We've been in the second largest city in Australia [pop. 3.8 million], for ten days. We've visited museums, shopped, visited an old fashioned amusement park, watched a parade, ridden many trams, people watched, took a boat trip to historic Williamstown, and walked and walked and walked.



Some of the highlights of our time here are:

St. Kilda and Luna Park

We stayed in St. Kilda during our stay in Melbourne, commuting back and forth by tram. St. Kilda is one of the most popular seaside suburbs of Melbourne. We've enjoyed the cafes, restaurants and Albert Park which is located directly across Fitzroy street from our apartment. There is a lot of activity in the park in preparation for the Formula One Australian Grand Prix which will be held in St. Kilda in two weeks time. We are leaving just in time. Heaven knows what they will be charging for accommodation and restaurants, not to mention the noise!



We also visited Luna Park, a St. Kilda and Melbourne institution - an amusement park built in 1912 whose roller coaster is the original wooden structure.


Moomba Riverfest and Parade

We arrived in Melbourne just in time for the Moomba Riverfest, a three day festival during the Australian Labor Day weekend. The festival included a huge carnival situated around the Yarra River which runs through the center of the city, international aquatic events, and a cultural parade through the city center.


Melbourne Museum

The highlight of the Melbourne Museum was Bunjilaka, the Aboriginal Centre where we learned about some of the history and culture of the Indigenous Australians. We are looking forward to much more in-depth information during our journey through the Red Center of Australia.

Melbourne Cricket Ground [The MCG] - Australia's premier sports stadium and icon for international cricket.

The MCG is the temple in which sports mad Melburnians worship their heroes.

The MCG first game of Australian Rules Football [AFL] was played in 1858 and the first international test cricket match between Australia & England was played here in 1877.

We took a tour of the historic Melbourne Cricket Ground [MCG] which has hosted amongst many other events, the 1956 Olympics and 2006 Commonwealth Games, as well as numerous international cricket matches. The MCG is also the home stadium for four Australian Football League teams and hosts two AFL games each weekend.


This weekend, the MCG is hosting one of two day-long rock concerts "Sound Relief" [the other concert is being held simultaneously in Sydney] in support of the Victorian Bush Fire Appeal. The Melbourne concert immediately sold out - 100,000 tickets at $AUD 75 each - with all proceeds going to the appeal. We tried to get tickets to the concert which features most of Australia's best bands and artists, but no luck. Incidentally, you get ripped off, for your convenience, over here by TicketTek as opposed to Tickmaster in the United States!

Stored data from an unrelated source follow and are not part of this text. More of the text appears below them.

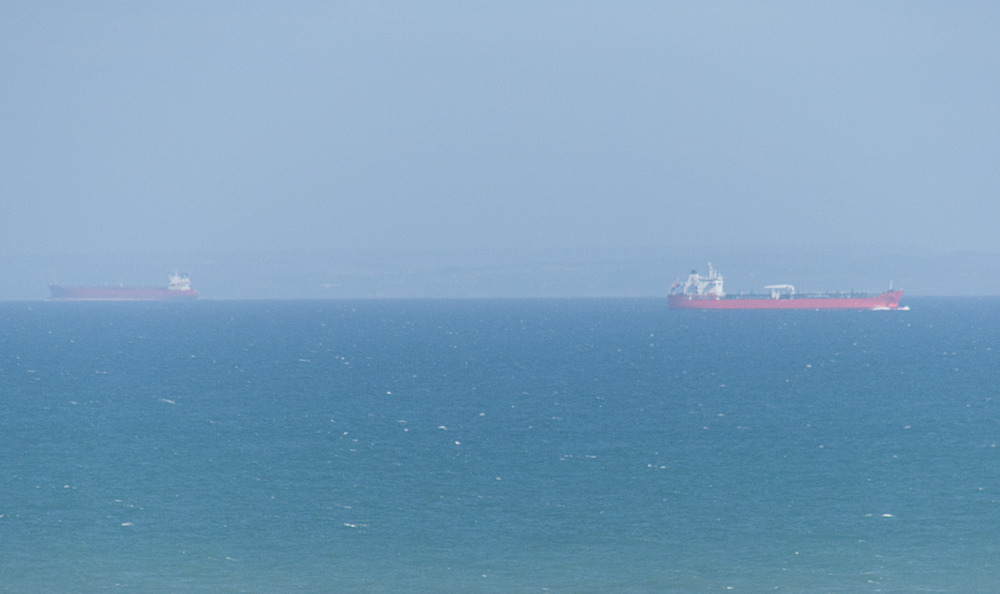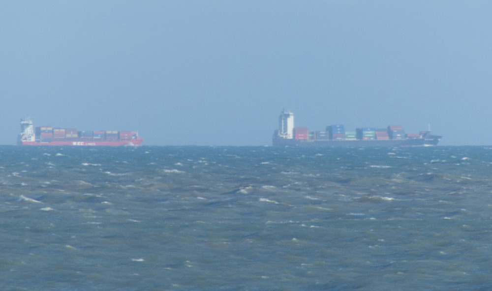 The container ship on the left is the Wec Vermeer sailing from Antwerp to Lexixoes. The container ship on the right is the Baltic Fulmar sailing from Dunkirk to Bilbao.
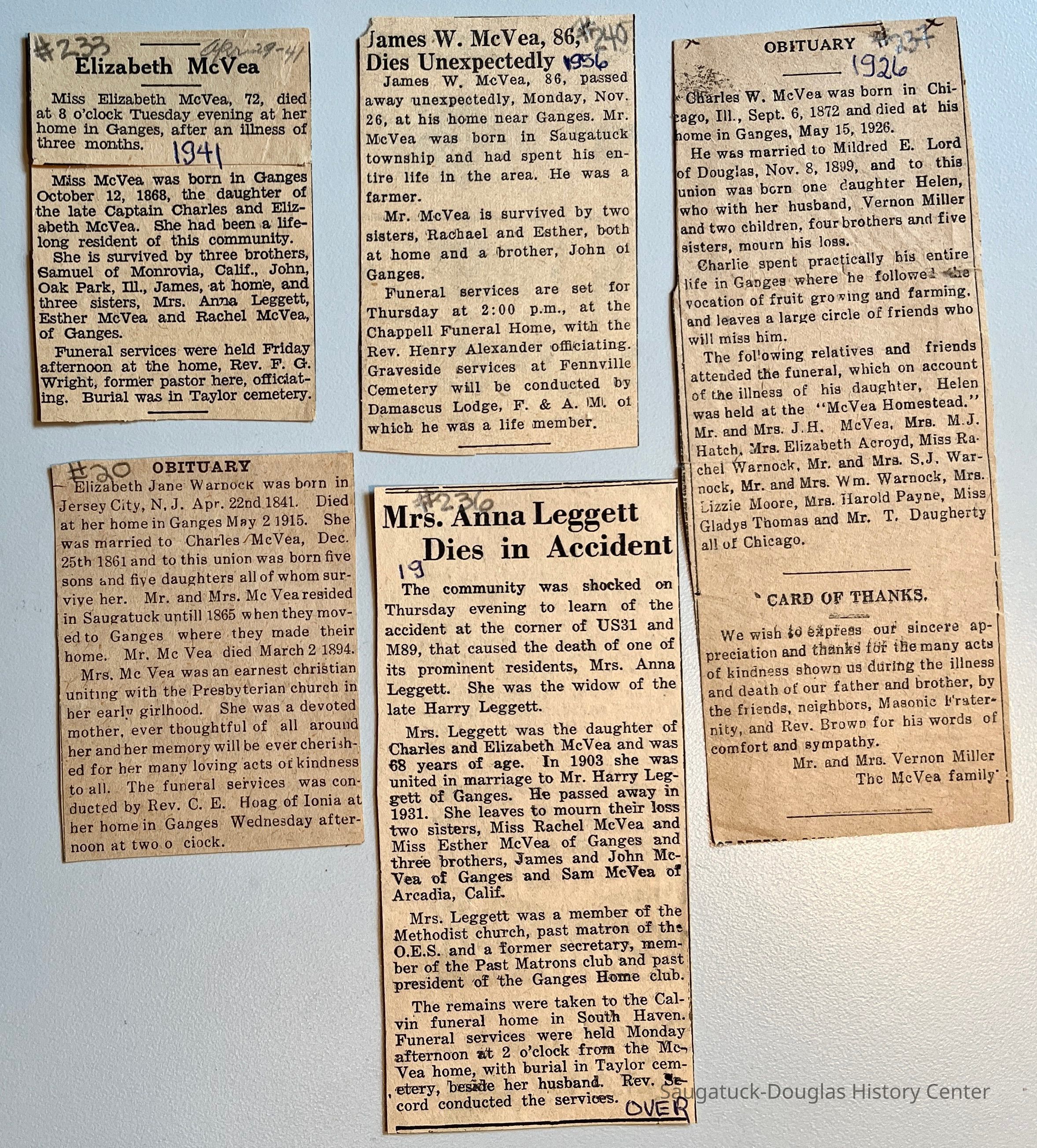 J. Newspaper clippings of obituaries for Elizabeth McVea #233 marked 1941, Elizabeth Jane Warnock #20, James W. McVea #240, Mrs. Anna (McVea) Leggett #236 and Charles W. McVea #237 marked 1926.
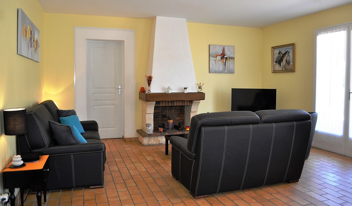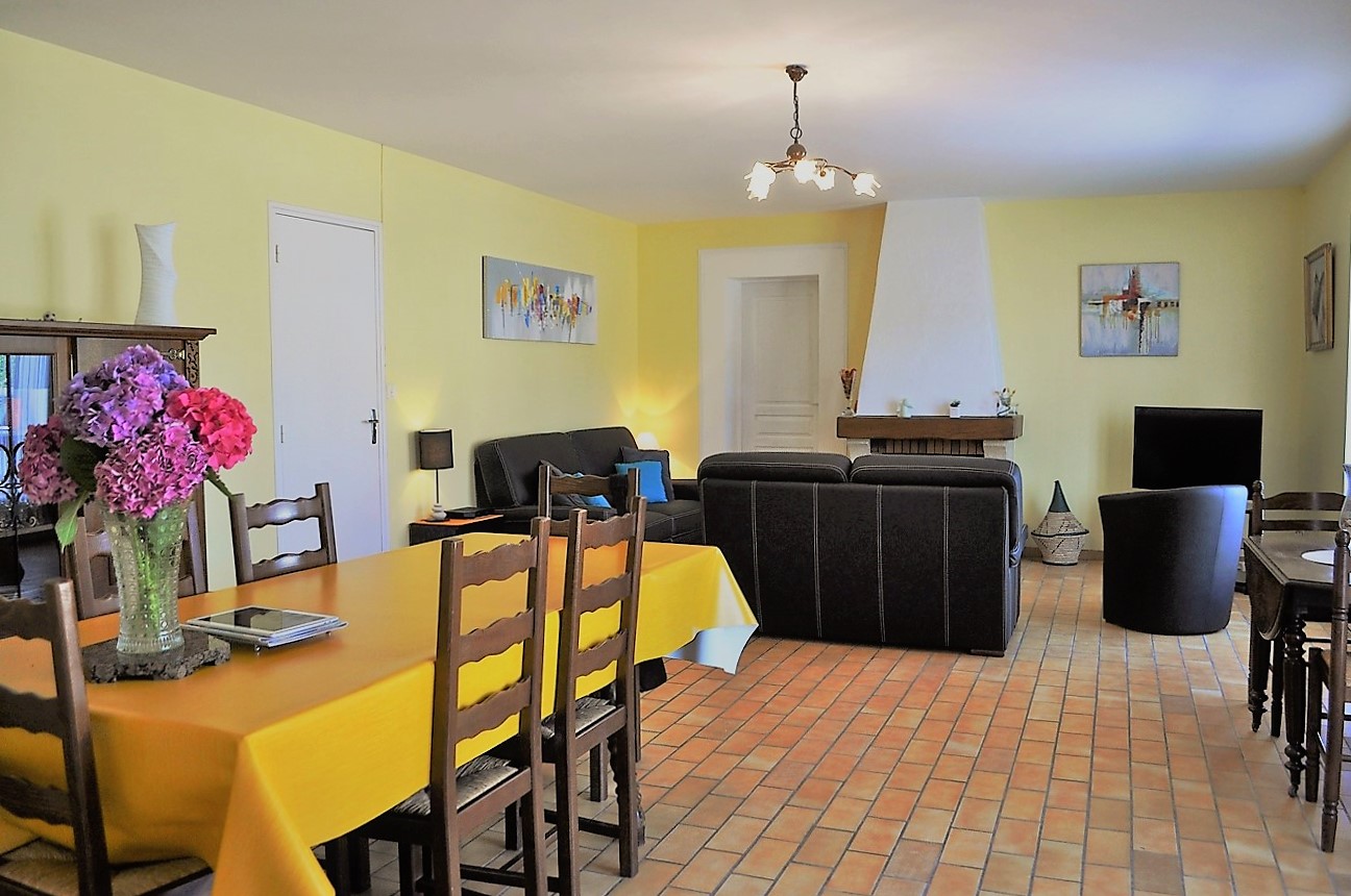Das großzügige Wohn- und Esszimmer mit Kamin besteht aus einer Couch, zwei Sesseln und einem Fernseher sowie einem Esstisch für 8 Personen. Ein kostenloser Internetzugang via W-LAN ist vorhanden.

An interesting fact we learned during our MCG tour is that American troops were housed within the Melbourne Cricket Ground in 1942 when the ground was known as "Camp Murphy" during that period.

We also learned that there is an 18 year waiting list [over 200,000 and counting] to become a Member of the Melbourne Cricket Club. Better get your name on the list now!

Old Melbourne Gaol - Victoria's oldest prison where 135 people, including Australia's most notorious bushranger Ned Kelly, were hanged.

We toured the Melbourne Gaol where we were treated like prisoners: arrested, locked in a cell, and photographed - not before time some might say!. While incarcerated, we ran into the larrikins pictured below - the streets of Melbourne are much safer with them behind bars!



The Great Ocean Road Tour

We took a whole day bus tour [12 1/2 hours door to door] to drive stretches of the Great Ocean Road, described as one of the world's great scenic drives [we both thought that the drive we experienced though picturesque, pales in comparison to the "Big Sur" coastal drive down the Northern California coastline] concluding in a visit to the spectacular "12 Apostles" and "London Bridge" - giant eroded monoliths in the Port Campbell National Park. The long journey to Port Campbell was well worth the time invested, as the photos we took testify.



At the beginning of the tour we stopped in Geelong, where we visited an Aboriginal Cultural Centre and were privileged to meet Norm Stanley who gave a virtuoso didgeridoo [a 3 foot long wind instrument with a deep sound] performance.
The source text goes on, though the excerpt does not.